After college, Eppridge embarked on a nearly year-long assignment for National Geographic, where he followed the International School of America as its staff and students traveled around the world. Roughly a year later, a chance encounter with Rowan on a New York City street, would lead to regular shooting assignments at LIFE. He joined the magazine as a staff photographer in the early sixties—joining the ranks of prominent photojournalists such as Alfred Eisenstadt, Carl Mydans and Gordon Parks—and stayed until the magazine folded in 1972.
That same year, Eppridge joined Sports Illustrated as a staff photographer, where he covered nearly every Winter Olympics since Lake Placid in 1980. He also shot six years worth of Americas Cup campaigns. But his assignments weren’t just limited to sporting events: Eppridge also photographed the aftermath of the explosion of Mount St. Helen’s in Washington and worked on various stories about poaching and big game hunting in Kenya. His sporting essays have taken him around the world, including Africa, Thailand, Yugoslavia and Australia.

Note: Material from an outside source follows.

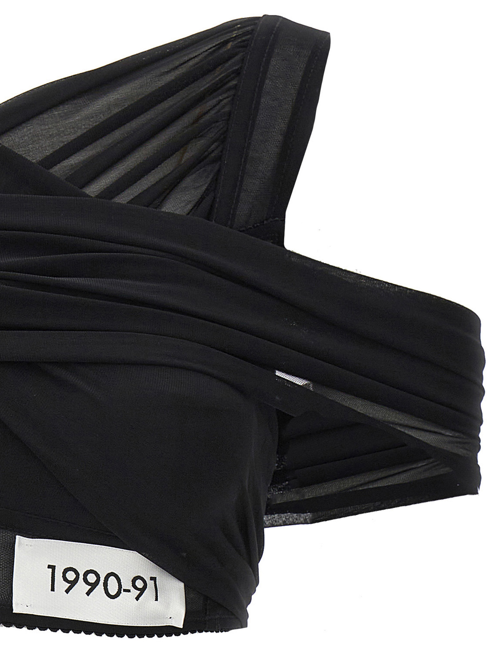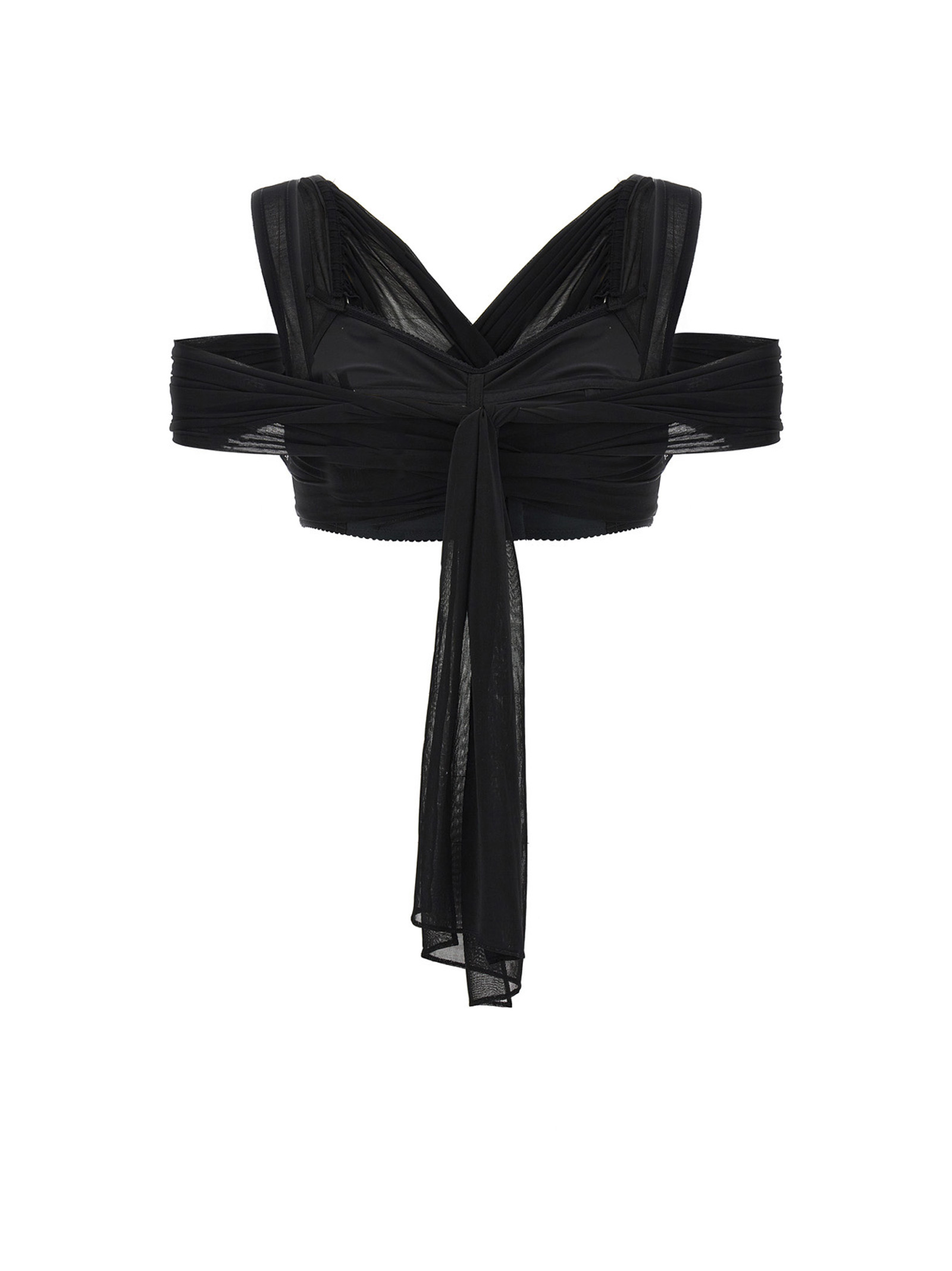 ‘Kim Dolce&Gabbana’ transparent organzine cropped top with crossed over the crossed shoulders.

Throughout his career Eppridge has been a respected force in training a new generation of photojournalists at the University of Missouri Photojournalism Workshop, as well as at the Eddie Adams Photography Workshop, and Photography at the Summit, in Wyoming. His work has been exhibited at the Smithsonian Museum of American History, the Museum of Television and Radio, the High Museum of Art in Atlanta, the Visa Pour L’Image in Perpignon, France and in galleries throughout the U.S. and Europe. A comprehensive exhibit of his photographs of the Beatles are currently on a worldwide tour, and, in the spring of 2008, went on exhibit in the Beatles’ hometown of Liverpool.
When Eppridge is not shooting, he’s often flyfishing. He lives in Connecticut with his wife, Adrienne Aurichio.